Now, we change the base of the number system we are using, from ten to two, but the rules are still the same. The first column is worth 2^0, the second 2^1 and the third 2^2 etc. As we are in base two, to make sure we cannot represent a specific number in a number of ways, we must limit the number of each specific column we have. In base ten, we could have a 0-9 in each column, in base two we can either have 0 or 1.

So 1101 is conceptually equivalent to:
(1 * 2^3) + (1 * 2^2) + (0 * 2^1) + (1 * 2^0) which is 13.

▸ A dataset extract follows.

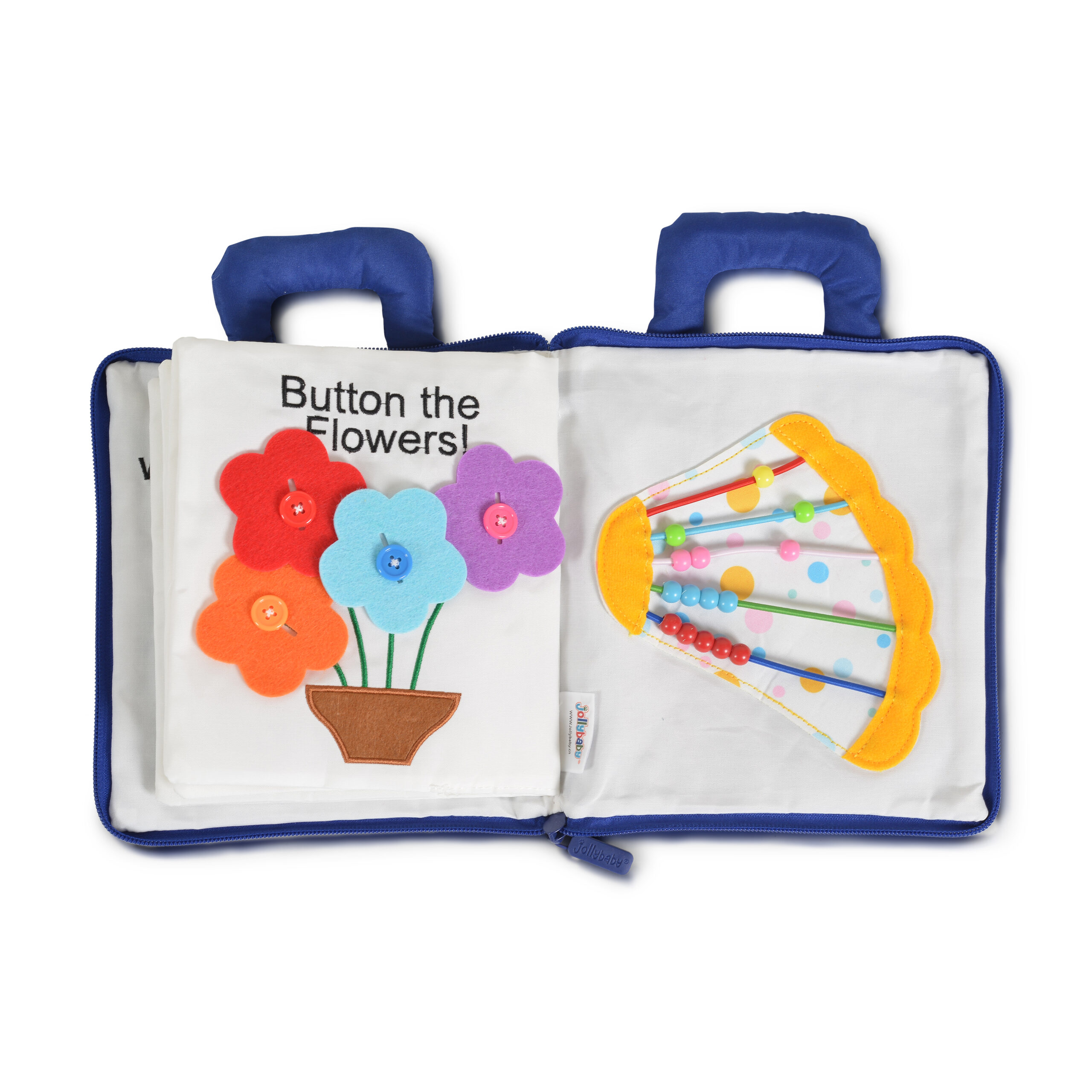 Съдържа интересни елементи като връзки за обувки, меки стрелки на часовник, велкро фигурки, копчета и др.

As for the efficiency aspect, if you are talking about simply writing down a number, then the higher thebase you are working in, the shorter number of numerals a number can be represented in, generally. Hexadecimal and octal are favoured over binary in programming due to them being able to concisely represent a number, and their ability to be converted between binary and decimal easily.

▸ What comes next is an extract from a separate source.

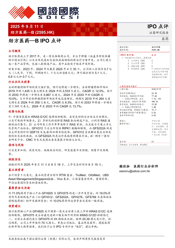 【谢欣汝医药行业分析师xiexinru@sdicsi.com.hk】【20250911】劲方医药-B IPO点评-2页
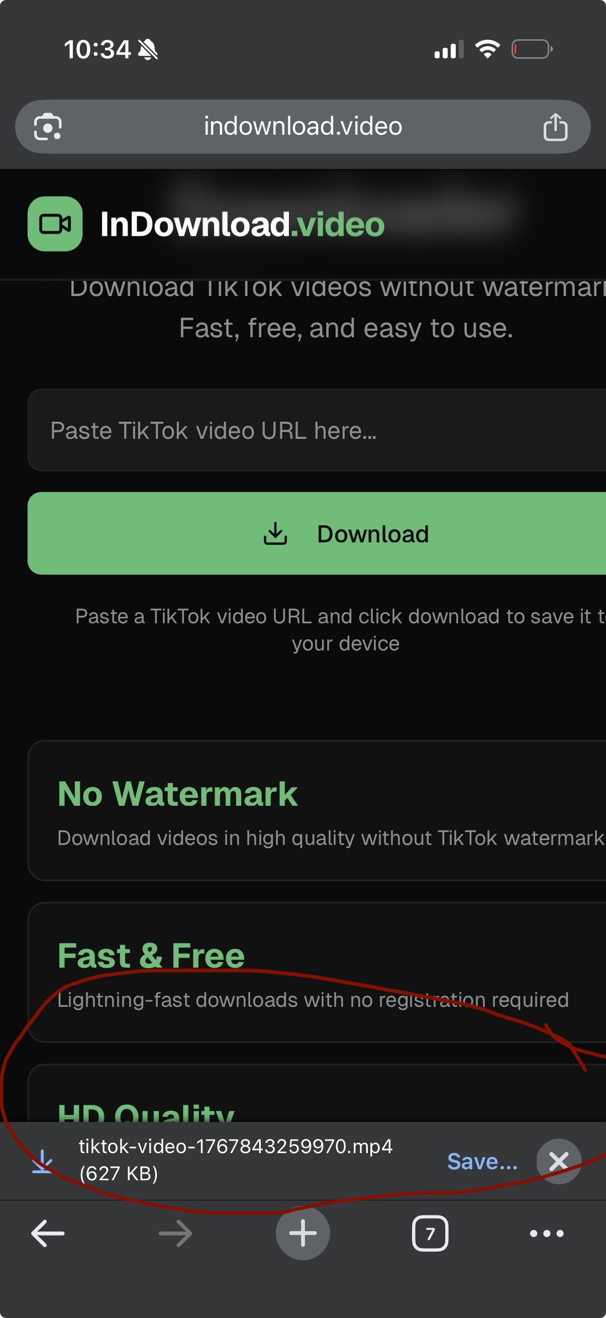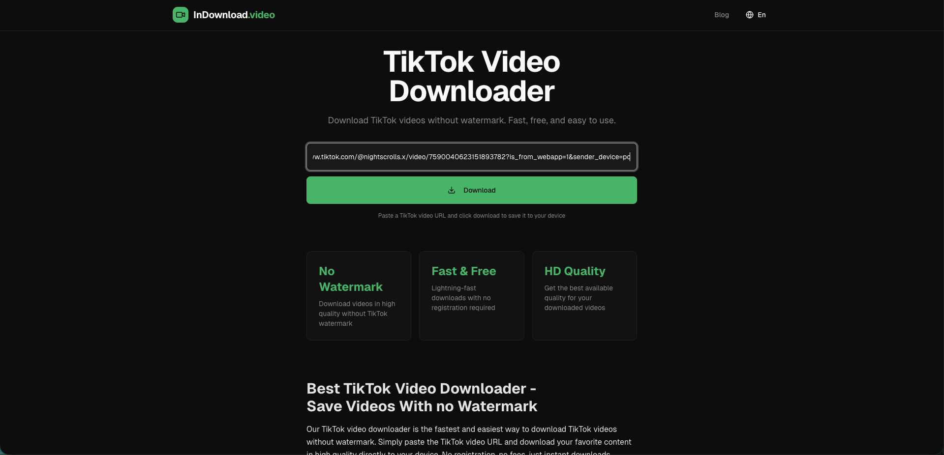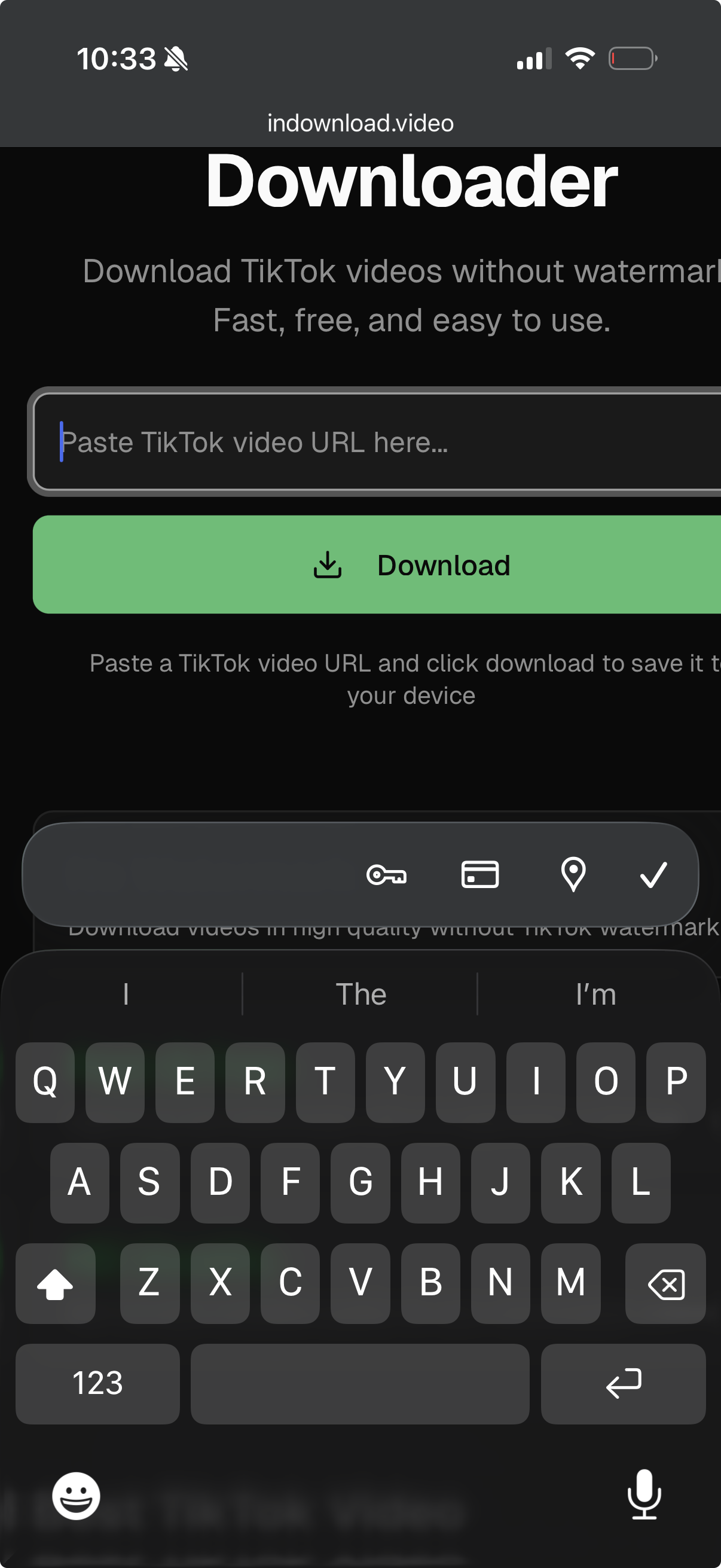 Open your browser and go to InDownload.video. Paste the link into the box and tap Download. Here's what it looks like:

Well, let me see here. So… I’ll try…78, by my formula, then reverse the digits.

I get 1001110. Is that right?

That page just shows what letters map to which numbers in the ASCII character map.
There’s not really a mathematical method for determining ASCII values. It’s an agreed upon standard for mapping number values (which computers can handle) to letters and punctuation (which people can read). At some point someone arbitrarily decided which number repesented which letter.

ASCII stands for “American National Standard Code for Information Interchange”. It evolved from earlier standards and can trace its history back to the days of the telegraph, though ASCII as we know it didn’t get defined till the early 1960’s at AT&T.

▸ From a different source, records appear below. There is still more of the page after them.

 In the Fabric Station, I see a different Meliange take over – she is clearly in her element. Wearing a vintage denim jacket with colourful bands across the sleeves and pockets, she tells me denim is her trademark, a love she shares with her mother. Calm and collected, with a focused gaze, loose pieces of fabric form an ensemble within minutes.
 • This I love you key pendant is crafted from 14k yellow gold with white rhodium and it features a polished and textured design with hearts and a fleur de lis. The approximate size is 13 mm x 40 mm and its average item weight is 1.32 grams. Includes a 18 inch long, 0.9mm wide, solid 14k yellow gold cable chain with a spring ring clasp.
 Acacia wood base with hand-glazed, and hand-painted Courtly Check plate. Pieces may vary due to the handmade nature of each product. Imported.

There are many other ways of mapping letters to numbers. ASCII just happens to be the standard that won out over the others in the computer world. For example, older IBM mainframes used a different standard called EBCDIC (pronoucned “ebb-sid-ick”). Here’s a table that compares the two:

http://www.natural-innovations.com/computing/asciiebcdic.html

Since I won’t be here to find out if I’m right, I’ll try a big number the same way, and check back here on Monday (I’m at work).

24,987 in binary code = 110000110011011

Right?

'til monday then…

Right, CC.

BTW, the Windows calculator, in scientific view, allows you to use decimal, binary, octal and hexadecimal numbers. You can enter a number and see what it looks like in the other systems by clicking the appropriate radio buttons.

Now, to completely confuse the issue, let’s call in the Endians.

http://www.cs.umass.edu/~verts/cs32/endian.html

[nitpick]Actually, in modern computers, the values “0” and “1” are represented by voltage, not the flow of current. Otherwise, computers would consume a lot more power than they do. The small amount of current that flows in a computer chip generally occurs only when some bit changes from “0” to “1” or vice versa. [/nitpick]

Since we’re already nitpicking…

While generally we tend to think of signals in terms of voltage, the truth of the matter is that a logic gate down at the silicon level is a current operated device. Bipolar junction transistors turn “on” when current flows between the base and emitter. This causes current to flow from the collector to emitter. Someone who thinks about the currents involved insures that the voltage on the collector is close enough to 0 and 5 volts (for TTL, for example) to be useful for a digital circuit, which generally means insuring that the transistor alternates between saturation and cutoff so that you avoid the “linear” region of the transistor. Field effect transistors work a bit differently, but its the same sort of thing. Internal registers on a computer are typically small capacitors, which is why your CPU has a minimum speed as well as a maximum. Run it too slow and the capacitors leak their charge off before the data value is needed for the next stage. The capacitors are charged by current flowing into them, then when they are “read” a current flows out of them into the next semiconductor stage.

Digital designers like to think purely in terms of ones and zeros, but underneath the hood its all about current flow.

I don’t know much about binary, so I’ll leave that to the experts. But I can contribute one thing at least…TWELFTH!

ECG

What are you talking about? TTL hasn’t been used in years. Dynamic logic aside from dense memories is not used very often either. Almost all digital logic these days is CMOS logic. Not bipolar logic.